There would obviously, be a strong constraint on nodes working with these types: modifying the SMILES or SDF once the node is created would not, under any circumstances, be allowed.

This would have the advantage that RDKit, Indigo, and CDK nodes could be chained without converter nodes in the middle, and without having the nodes having to repeatedly re-process the molecules.

comments? thoughts?

-greg

This is an excellent idea and we should use the opportunity to develop a 'cross-toolkit' data type.

The plan proposed is very good. Having a data type that behaves as molecule container would remove the need to convert molecules back and forth. However, in thise case we need to strictly agree on how a new RDKit/Indigo/CDK molecule should be configured to start with. Otherwise it will get confusing for the user. E.g., aromaticity perception.

The obvious, but perhaps least desirable, case is to have three different entities stored in the container data type, all with their own configuration. E.g,. CDK molecule with explicit hydrogens and no aromaticity perceived, Indigo with aromaticity perceived but no hydrogens attached, etc.
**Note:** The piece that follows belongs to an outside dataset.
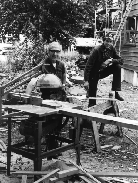 Byggmester John Folland og sivilarbeider Ivar Jørstad i arbeid på museet i 1982.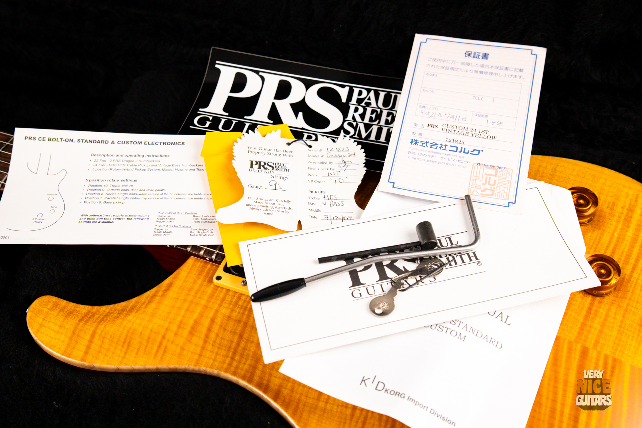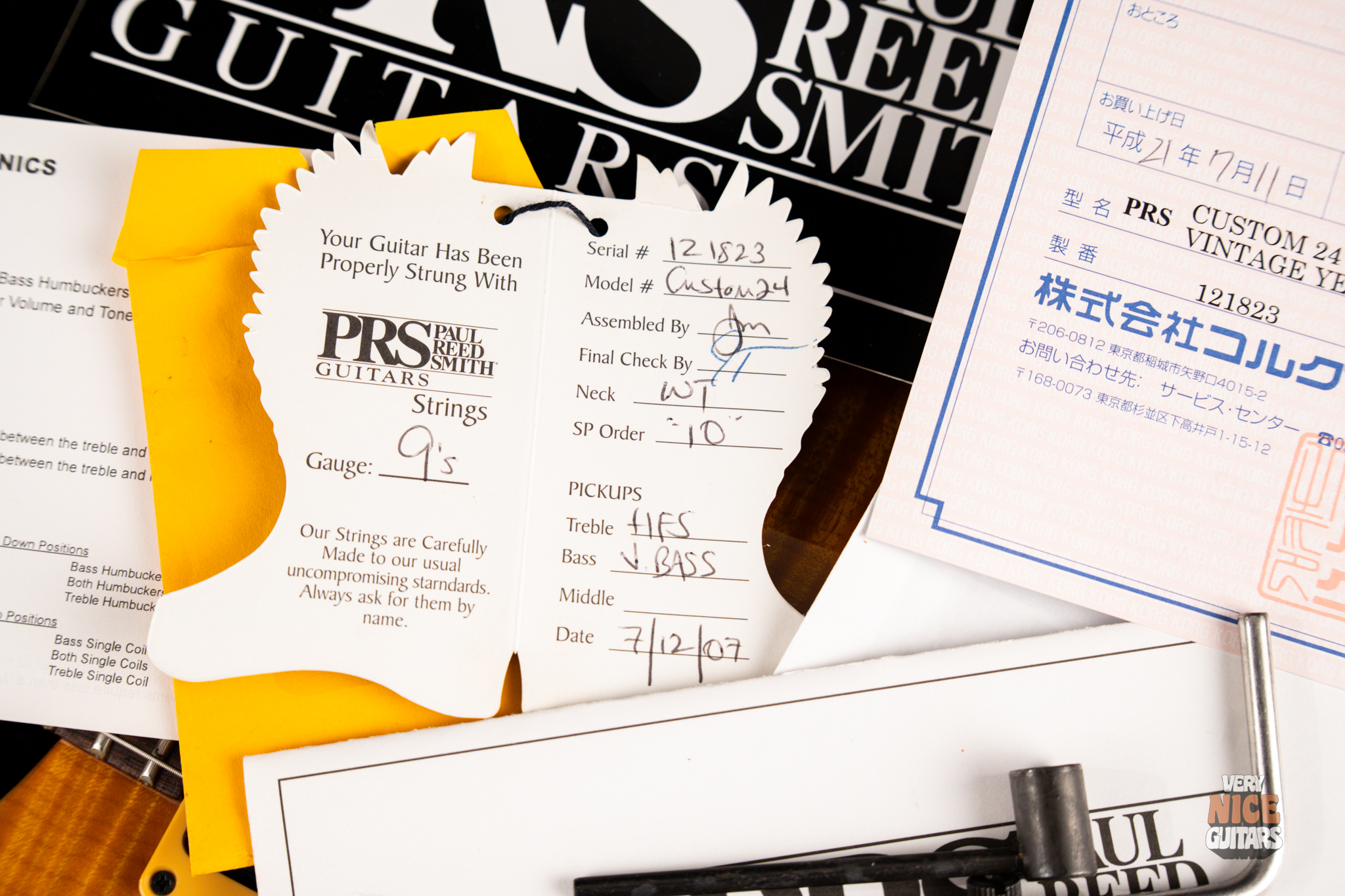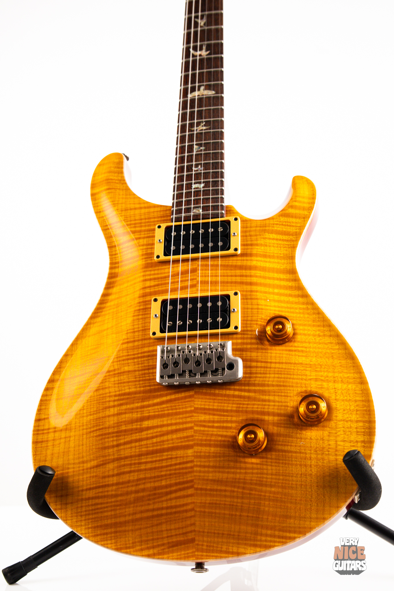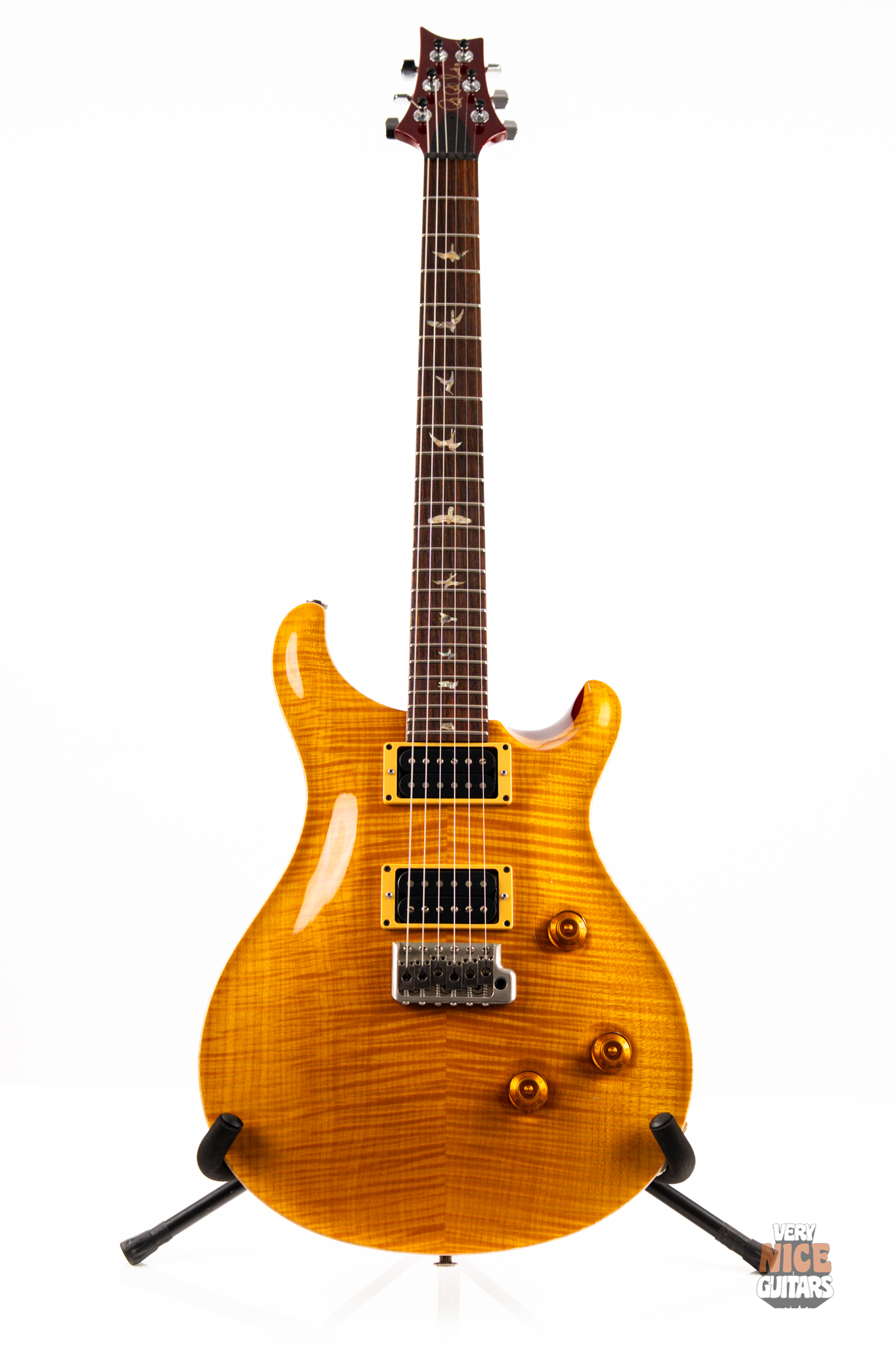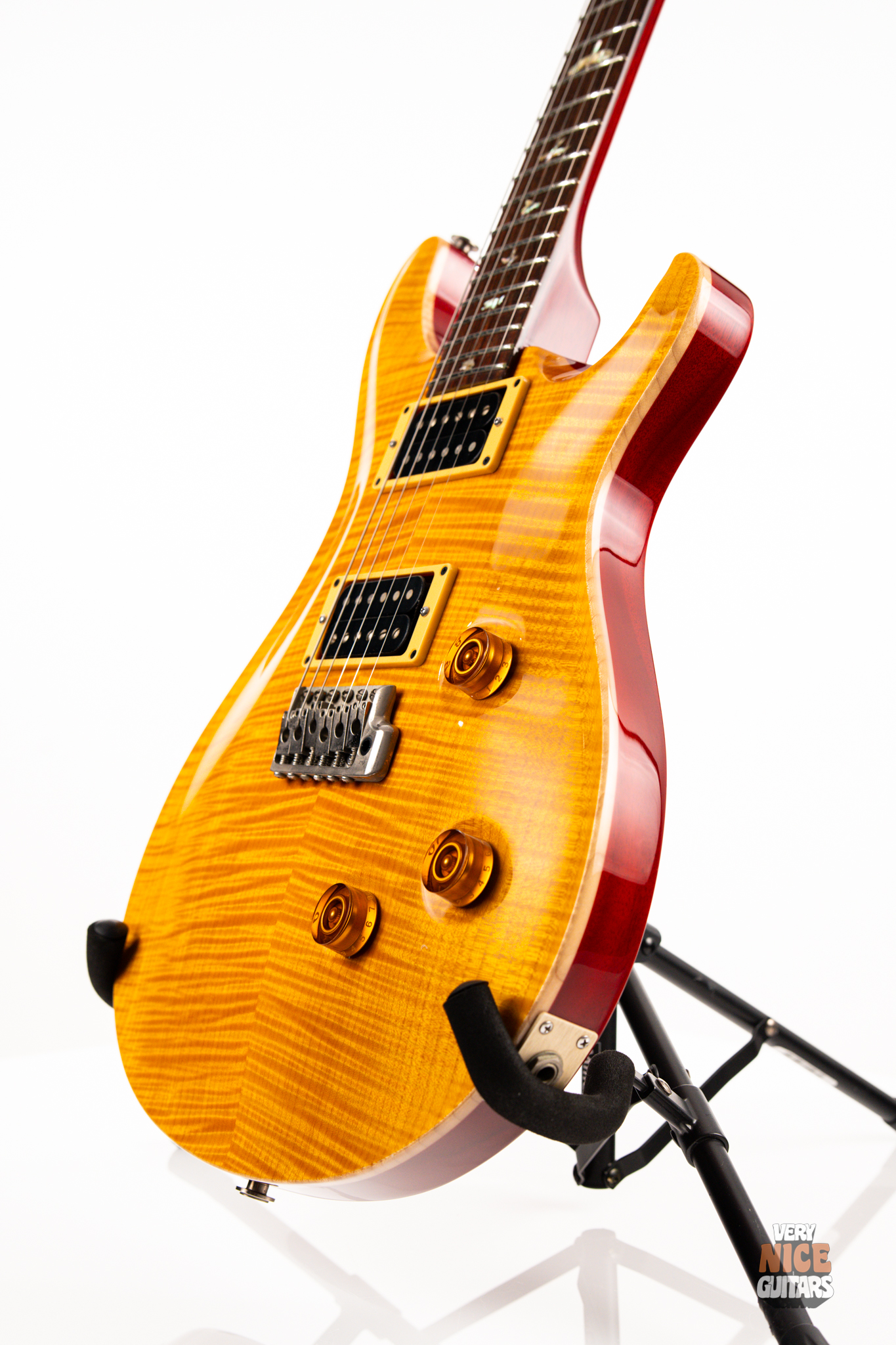 PRS guitars are well known for their build quality, superb materials (especially tops) and presence on stages all around the world. This Custom 24 features a mahogany body and neck, a controversial rotary switch, a very comfortable “Wide Thin” neck and a “10 Top” figured maple top. The top is a distinct feature here – you can see the maple grain going horizontally and vertically – please check out our photos!

In this case the user would need to monitor the state of the molecules and take the properties set into account when building a workflow.

Another point is visualization. Depending on the underlying libraries' input classes for SDF / SMILES conversion, the molecules might be slightly different in some cases. How can we render each molecule accurately without too much overhead? Some ideas: A global option in the preferences to set CDK molecules to be rendered by default; a grid visualization node for quick comparison of all defined molecules types, feature-specific visualisation nodes complementing the ChemAxon SDF renderer.

Stephan

I think it's unlikely that we'd ever reach agreement on a true cross-project molecule representation. I'm proposing that we keep it simple and use different entities stored in one container. 

The user is going to observe different behavior when using nodes from different packages, but that's no different from what they see right now.

With respect to renderers: I agree that there should be a global preference, like there is now for SDF and SMILES, to set the default renderer type for these molecules.

-greg

Hi,

I think this would be great if it becomes possible. Sooner rather than latter. I would be very much prepared to feel some initial pain of having to reconfigure the nodes in my workflows when such a transfer to a standard happens as in the end the benefit would be significant.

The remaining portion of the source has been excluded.